Skip site navigation (1) Skip section navigation (2)

Re: [PATCHES] Postgres-6.3.2 locale patch

From: "Jose' Soares Da Silva" <sferac(at)bo(dot)nettuno(dot)it>
To: Tatsuo Ishii <t-ishii(at)sra(dot)co(dot)jp>
Cc: "Thomas G(dot) Lockhart" <lockhart(at)alumni(dot)caltech(dot)edu>, phd2(at)earthling(dot)net, Postgres Hackers List <hackers(at)postgresql(dot)org>
Subject: Re: [PATCHES] Postgres-6.3.2 locale patch
Date: 1998-06-04 10:13:31
Message-ID: Pine.LNX.3.96.980604100622.945C-100000@proxy.bazzanese.com (view raw or flat)
Thread:
Lists: pgsql-hackers
On Thu, 4 Jun 1998 t-ishii(at)sra(dot)co(dot)jp wrote:

> >Hi. I'm looking for non-English-using Postgres hackers to participate in
> >implementing NCHAR() and alternate character sets in Postgres. I think
> >I've worked out how to do the implementation (not the details, just a
> >strategy) so that multiple character sets will be allowed in a single
> >database, additional character sets can be loaded at run-time, and so
> >that everything will behave transparently.
> 
> Sounds interesting idea... But before going into discussion, Let me
> make clarify what "character sets" means. A character sets consists of
> some characters. One of the most famous character set is ISO646
> (almost same as ASCII). In western Europe, ISO 8859 series character
> sets are widely used. For example, ISO 8859-1 includes English,
> French, German etc. and ISO 8859-2 includes Albanian, Romanian
> etc.
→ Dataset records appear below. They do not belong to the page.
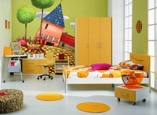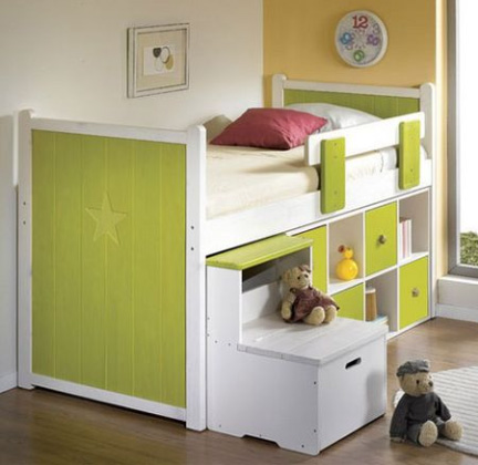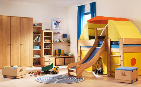 學(xué)齡前的房間中,為保證孩子的身體健康,兒童房中的家具都選用環(huán)保的實木家具,并鋪設(shè)實木地板。因為孩子年齡小,又好動,宜選用低矮的兒童床,以免孩子睡覺時“不老實”而翻下床。
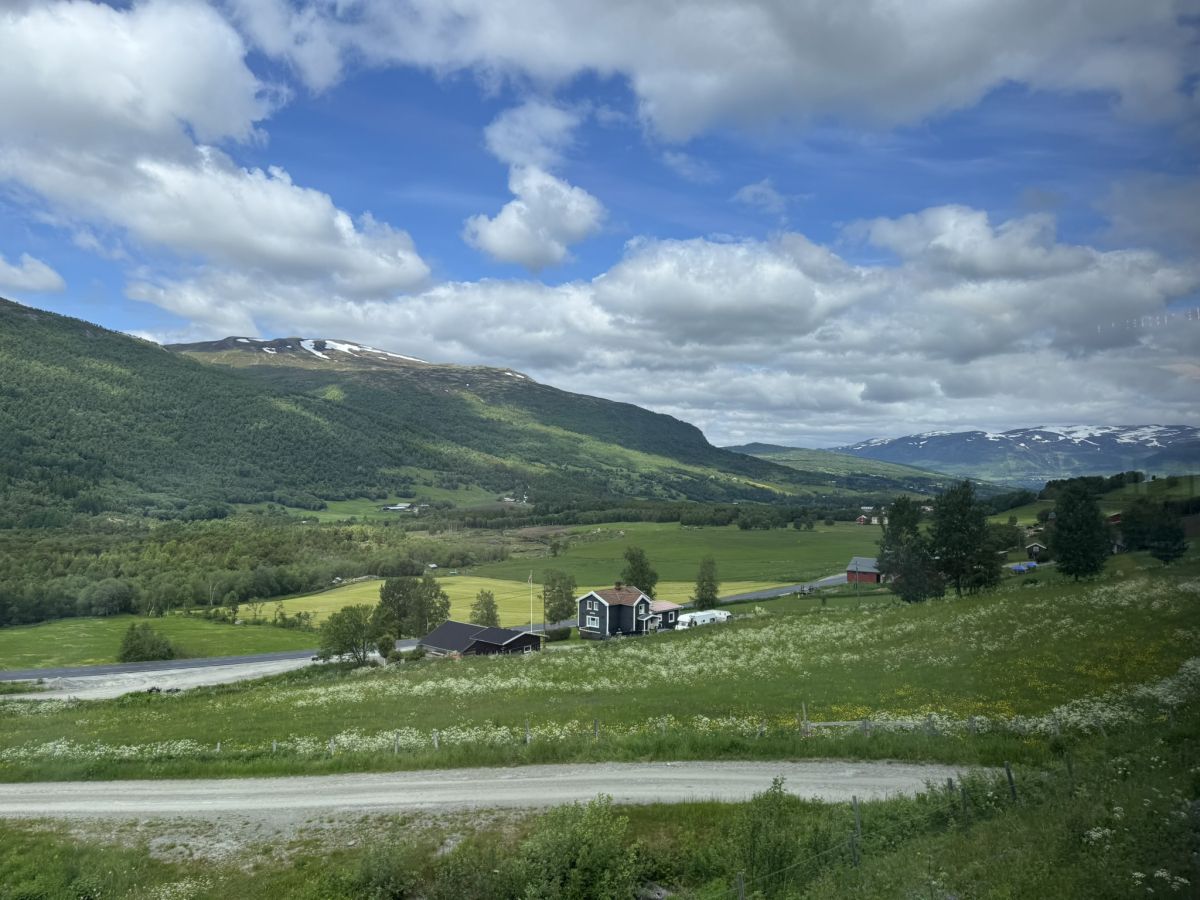 Spodnji del Norveške pa vse tja čez arktični krog do zadnje postaje v mestu Bodo sem prekrižaril z vlaki. Potovanje z norveškimi železnicami VY (preimenovanih iz NSB) je udobno in ni tako drago, če vozovnice kupiš po spletu vsaj kak mesec vnaprej. Z vlakom sem se peljal od Bergna proti Oslu (sedem ur), od Osla proti Trondheimu (šest ur in pol) in od Trondheima proti Bodu (skoraj deset ur). Železniška proga med Bergnom in Oslom velja za eno najlepših na svetu. V skupni dolžini približno 500 kilometrov se vije čez mogočno gorsko planoto Hardangerviddo v nacionalnem parku, kjer je na 1222 metrih nadmorske višine najvišja železniška postaja na Norveškem Finse.
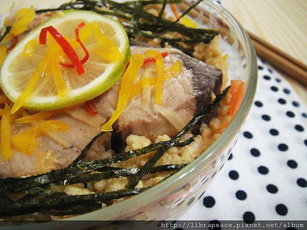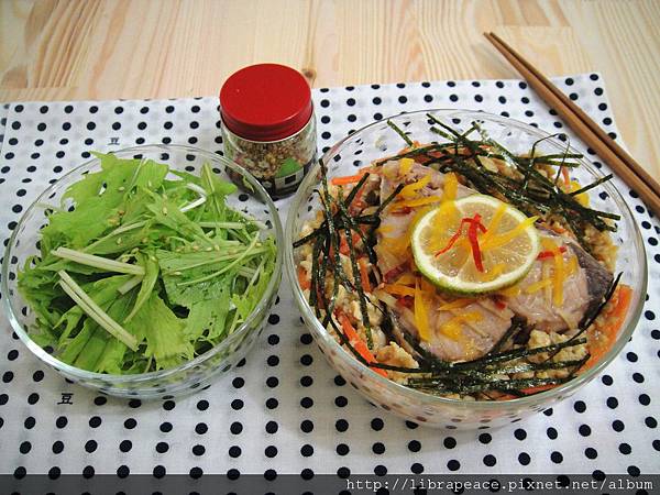 今天是清蒸魚便當,紅魽常常在日本料理店以生魚片登場,這魚肉質細膩滋味清甜,今天清蒸來吃,簡單舖點薑絲和去籽的辣椒絲,一匙淡口的柴魚醬油下去,蒸鍋裡水滾了才下鍋去隔水蒸八分鐘,就有好吃的清蒸魚了。
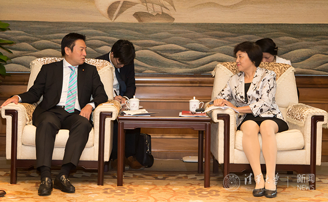 陈旭和秋元司会谈。记者 张宇

These are "single byte" and there is one to many correspondacne
> between the character set and Languages.
> 
> Example1:
> ISO 8859-1 <------> English, French, German
> 
> On the other hand, some asian languages such as Japanese, Chinese, and
> Korean do not correspond to a chacter set, rather correspond to
> multiple character sets.
> 
> Example2:
> ASCII, JIS X0208, JIS X0201, JIS X0212 <-------> Japanese
> (ASCII, JIS X0208, JIS X0201, JIS X0212 are individual character sets)
> 
> An "encoding" is a way to represent set of charactser sets in
> computers. The above set of characters sets are encoded in the EUC_JP
> encdoing.
> 
> I think SQL92 uses a term "character set" as encoding.
> 
> >So, the initial questions:
> >
> >1) Is the NCHAR/NVARCHAR/CHARACTER SET syntax and usage acceptable for
> >non-English applications? Do other databases use this SQL92 convention,
> >or does it have difficulties?
> 
> As far as I know, there is no commercial RDBMS that supports
> NCHAR/NVARCHAR/CHARACTER SET syntax. Oracle supports multiple
> encodings. An encoding for a database is defined while creating the
> database and cannot be changed at runtime. Clients can use different
> encoding as long as it is a "subset" of the database's encoding. For
> example, a oracle client can use ASCII if the database encoding is
> EUC_JP.

I try the following databases on Linux and no  one has this feature:
. MySql
. Solid 
. Empress   
. Kubl
. ADABAS D

I found only one under M$-Windows that implement this feature:
. OCELOT
I'm playing with it, but so far I don't understand its behavior.
There's an interesting documentation about it on OCELOT manual,
if you want I can send it to you.

> 
> I think the idea that the "default" encoding for a database being
> defined at the database creation time is nice.
> 
> create database with encoding EUC_JP;
> 
> If NCHAR/NVARCHAR/CHARACTER SET syntax would be supported, a user
> could use a different encoding other than EUC_JP. Sound very nice too.
> 
> >2) Would anyone be interested in helping to define the character sets
> >and helping to test? I don't know the correct collation sequences and
> >don't think they would display properly on my screen...
> 
> I would be able to help you in the Japanese part. For Chinese and
> Korean, I'm going to find volunteers in the local PostgreSQL mailing
> list I'm running if necessary.

I may help with Italian, Spanish and Portuguese.

> 
> >3) I'd like to implement the existing Cyrillic and EUC-jp character
> >sets, and also some European languages (French and ??) which use the
> >Latin-1 alphabet but might have different collation sequences. Any
> >suggestions for candidates??
> 
> Collation sequences for EUC_JP? How nice it would be! One of a problem
> for collation sequences for multi-byte encodings is the sequence might
> become huge. Seems you have a solution for that. Please let me know
> more details.
> --
> Tatsuo Ishii
> t-ishii(at)sra(dot)co(dot)jp
                                                            Ciao, Jose'


In response to

Responses

pgsql-hackers by date

Next:From: Mattias KregertDate: 1998-06-04 10:48:08
Subject: Re: [HACKERS] NEW POSTGRESQL LOGOS
Previous:From: Peter MountDate: 1998-06-04 08:58:12
Subject: Re: [HACKERS] Re: [PATCHES] Postgres-6.3.2 locale patch (fwd)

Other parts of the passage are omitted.